What is a Living Will, and Do I Need One?

I have had some questions recently about Living Wills. With COVID-19, and the concerns around it, it makes sense that people would be curious about what a Living Will does, and if it is beneficial to have one in place. It’s important to distinguish a Will from a Living Will. A Will involves distributing assets and property after someone dies. A Living will has nothing to do with assets or property. A Living Will ( also called an Advance Healthcare Directive) is an important document for End of Life Care. The purpose of a Living Will is to restrictdecline, or withdraw certain medical treatment when you are unable to make informed medical decisions AND you are terminally ill or in a permanently unconscious state. You should consider carefully whether you want to limit medical treatment under these circumstances.
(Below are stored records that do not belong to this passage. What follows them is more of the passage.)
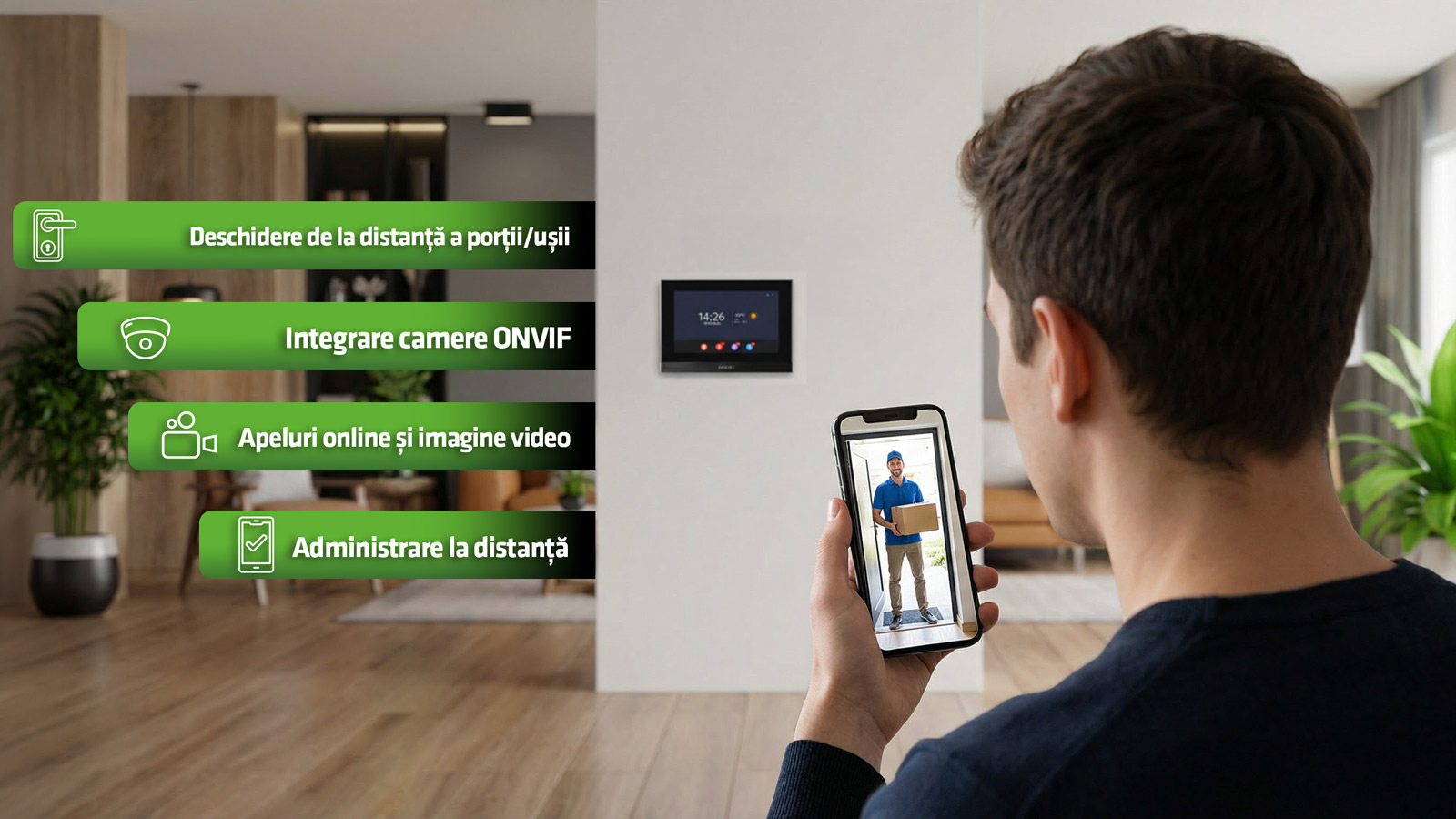 - Suport sistem: până la 4 monitoare, 2 unități exterioare, 2 camere IP
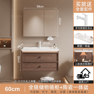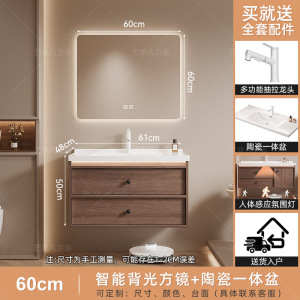 ウォールナットカラーのアンティークスタイルのバスルームキャビネットセラミック一体型洗面台バスルーム手洗い洗面台キャビネット組み合わせ洗面台
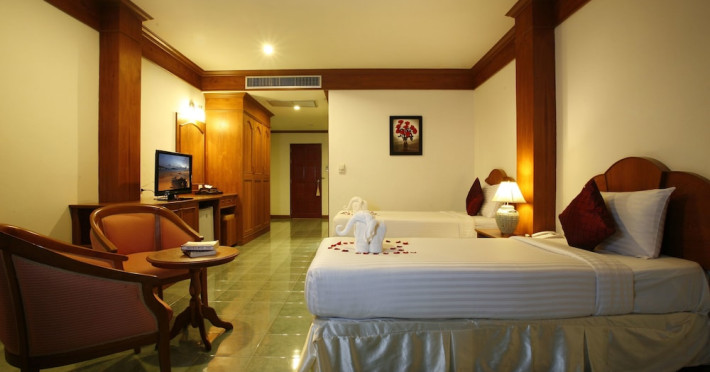 Jiraporn Hill Resort offers budget-friendly accommodations near Patong Beach, featuring an outdoor pool and a terrace. The hotel provides complimentary wireless internet access, concierge services, and a 24-hour front desk. Guests can enjoy on-site dining with room service and a daily buffet breakfast (for a fee). The air-conditioned rooms include a private bathroom, a balcony, a flat-screen TV with cable channels, a refrigerator, a safety deposit box, and a desk. Airport transfers and car rental services are available. It is located within 2 km of Jungceylon Shopping Center and Phuket Simon Cabaret. The Jiraporn Hill Resort Patong Phuket is a Leisure, Tourist hotel. The nightlife/restaurants are located in the hotel.

Much of the language and definitions below are from forms provided to legal practitioners by the Ohio State Bar Association.

What a Living Will Does

A Living Will is a legal document authorized by Ohio statute (R.C. §2133). Under Ohio law, a Living Will Declaration is applicable only to individuals in a terminal condition or a permanently unconscious state. If you wish to direct medical treatment in other circumstances, you should prepare a Health Care Power of Attorney. If you are in a terminal condition or a permanently unconscious state, this Living Will Declaration takes precedence over a Health Care Power of Attorney.

The Living Will allows you to choose to limit all forms of Life-sustaining Treatment. Life-sustaining Treatment is any medical procedure, treatment, intervention or other measure that, when administered to a patient, mainly prolongs the process of dying, including CPR, respirators, and nutrition and hydration. Your physician will have the authority, per your advance direction, to let you die naturally. Your physician will also have the authority, per your advance directive, to withdraw any such treatment if it is being administered.

If you are in a permanently unconscious state, you may choose not to receive nutrition and hydration if you specifically authorize the withholding or withdrawal of nutrition and hydration.

What a Living Will Does NOT Do

A living will does not allow family members to make the decision to provide Life-sustaining Treatment for you if you are terminally ill or in a permanently unconscious state, even if you have a healthcare power of attorney.

A living will does not allow your physician to withdraw treatment for Comfort Care. Comfort Care is any measure, medical or nursing procedure, treatment or intervention, including nutrition or hydration, that is taken to diminish a patient’s pain or discomfort, but not to postpone death.

When You Should Consider a Living Will

If you do not wish to receive Life-sustaining Treatment to prolong your life in the event you cannot make your wishes known and become terminally ill or permanently unconscious, you should consider executing a Living Will.

If you have not discussed your end of life wishes with your next-of-kin or Attorney-in-fact appointed under your Health Care Power of Attorney, or you are unsure if these individuals would act in accordance with your wishes, you should consider executing a living will.

You have the ability to revoke a Living Will if you choose to. You should also review your Living Will if your medical situation changes. Any changes should only be made with the assistance of a qualified attorney.

The information contained in this blog is general in nature and should not be viewed, and is not intended by the author to be viewed, as legal advice. For specific legal advice, please discuss your situation with a qualified attorney.